Your answer should be the exact lines of the data below from the one containing "Luxury room with" through the one containing "日田往還朝倉街道だった道を進"; please include nothing else.

• Entries provided:
+++++

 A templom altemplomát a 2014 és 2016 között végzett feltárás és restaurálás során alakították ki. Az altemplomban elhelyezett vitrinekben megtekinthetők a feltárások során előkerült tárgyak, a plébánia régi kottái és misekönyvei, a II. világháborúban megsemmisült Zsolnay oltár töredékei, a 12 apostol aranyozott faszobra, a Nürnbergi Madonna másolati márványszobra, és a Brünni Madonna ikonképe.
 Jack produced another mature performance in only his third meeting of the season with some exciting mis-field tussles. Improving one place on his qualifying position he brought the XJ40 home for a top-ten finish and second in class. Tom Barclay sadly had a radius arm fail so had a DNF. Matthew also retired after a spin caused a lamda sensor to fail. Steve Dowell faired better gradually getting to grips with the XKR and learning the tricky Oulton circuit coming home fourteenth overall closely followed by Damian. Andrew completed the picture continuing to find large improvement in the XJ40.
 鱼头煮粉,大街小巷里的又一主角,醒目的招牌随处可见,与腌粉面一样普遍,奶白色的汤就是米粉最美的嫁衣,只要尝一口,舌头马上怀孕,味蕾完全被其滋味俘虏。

+++++

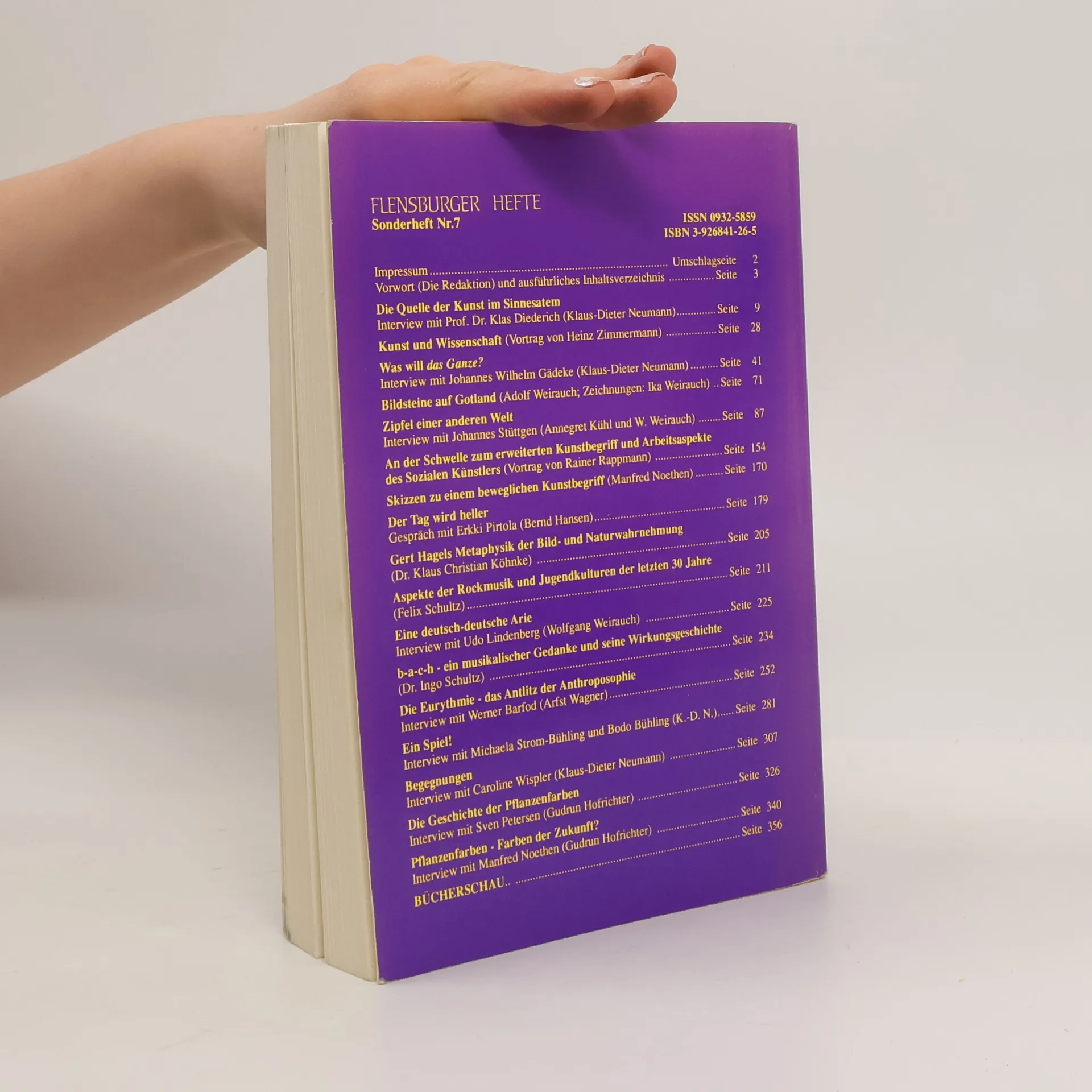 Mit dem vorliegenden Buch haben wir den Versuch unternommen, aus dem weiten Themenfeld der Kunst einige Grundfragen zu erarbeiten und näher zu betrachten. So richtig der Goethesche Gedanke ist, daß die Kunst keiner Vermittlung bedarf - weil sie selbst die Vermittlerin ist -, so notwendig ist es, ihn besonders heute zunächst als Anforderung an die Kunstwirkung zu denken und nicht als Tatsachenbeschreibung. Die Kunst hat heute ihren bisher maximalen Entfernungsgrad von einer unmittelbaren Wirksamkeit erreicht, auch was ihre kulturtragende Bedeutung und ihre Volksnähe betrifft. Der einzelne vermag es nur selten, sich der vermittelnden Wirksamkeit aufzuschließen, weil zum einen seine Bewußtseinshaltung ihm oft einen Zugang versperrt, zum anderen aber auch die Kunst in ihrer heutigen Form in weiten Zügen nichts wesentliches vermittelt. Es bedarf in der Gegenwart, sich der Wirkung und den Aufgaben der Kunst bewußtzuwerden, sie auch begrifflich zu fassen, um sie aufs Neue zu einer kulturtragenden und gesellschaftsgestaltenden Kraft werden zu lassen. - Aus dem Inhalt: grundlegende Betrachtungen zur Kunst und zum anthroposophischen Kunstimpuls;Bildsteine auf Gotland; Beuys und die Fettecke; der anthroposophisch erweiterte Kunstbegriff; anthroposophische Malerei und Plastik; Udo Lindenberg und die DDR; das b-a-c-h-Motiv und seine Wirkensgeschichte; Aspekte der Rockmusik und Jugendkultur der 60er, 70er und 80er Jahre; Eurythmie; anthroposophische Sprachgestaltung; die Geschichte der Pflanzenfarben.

+++++

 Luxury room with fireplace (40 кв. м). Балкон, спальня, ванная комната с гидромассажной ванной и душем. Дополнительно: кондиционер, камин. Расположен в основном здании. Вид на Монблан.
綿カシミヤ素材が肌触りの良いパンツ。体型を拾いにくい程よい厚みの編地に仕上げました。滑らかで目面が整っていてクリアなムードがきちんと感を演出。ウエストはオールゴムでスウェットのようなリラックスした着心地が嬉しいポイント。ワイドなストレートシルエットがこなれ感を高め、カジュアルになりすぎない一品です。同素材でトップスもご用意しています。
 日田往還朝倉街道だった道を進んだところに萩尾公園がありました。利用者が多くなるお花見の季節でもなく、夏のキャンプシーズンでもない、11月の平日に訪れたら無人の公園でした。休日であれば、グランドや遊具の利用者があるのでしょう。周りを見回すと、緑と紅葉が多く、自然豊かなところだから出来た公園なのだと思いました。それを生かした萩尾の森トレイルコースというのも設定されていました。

+++++

• Answer to this task:
 Luxury room with fireplace (40 кв. м). Балкон, спальня, ванная комната с гидромассажной ванной и душем. Дополнительно: кондиционер, камин. Расположен в основном здании. Вид на Монблан.
綿カシミヤ素材が肌触りの良いパンツ。体型を拾いにくい程よい厚みの編地に仕上げました。滑らかで目面が整っていてクリアなムードがきちんと感を演出。ウエストはオールゴムでスウェットのようなリラックスした着心地が嬉しいポイント。ワイドなストレートシルエットがこなれ感を高め、カジュアルになりすぎない一品です。同素材でトップスもご用意しています。
 日田往還朝倉街道だった道を進んだところに萩尾公園がありました。利用者が多くなるお花見の季節でもなく、夏のキャンプシーズンでもない、11月の平日に訪れたら無人の公園でした。休日であれば、グランドや遊具の利用者があるのでしょう。周りを見回すと、緑と紅葉が多く、自然豊かなところだから出来た公園なのだと思いました。それを生かした萩尾の森トレイルコースというのも設定されていました。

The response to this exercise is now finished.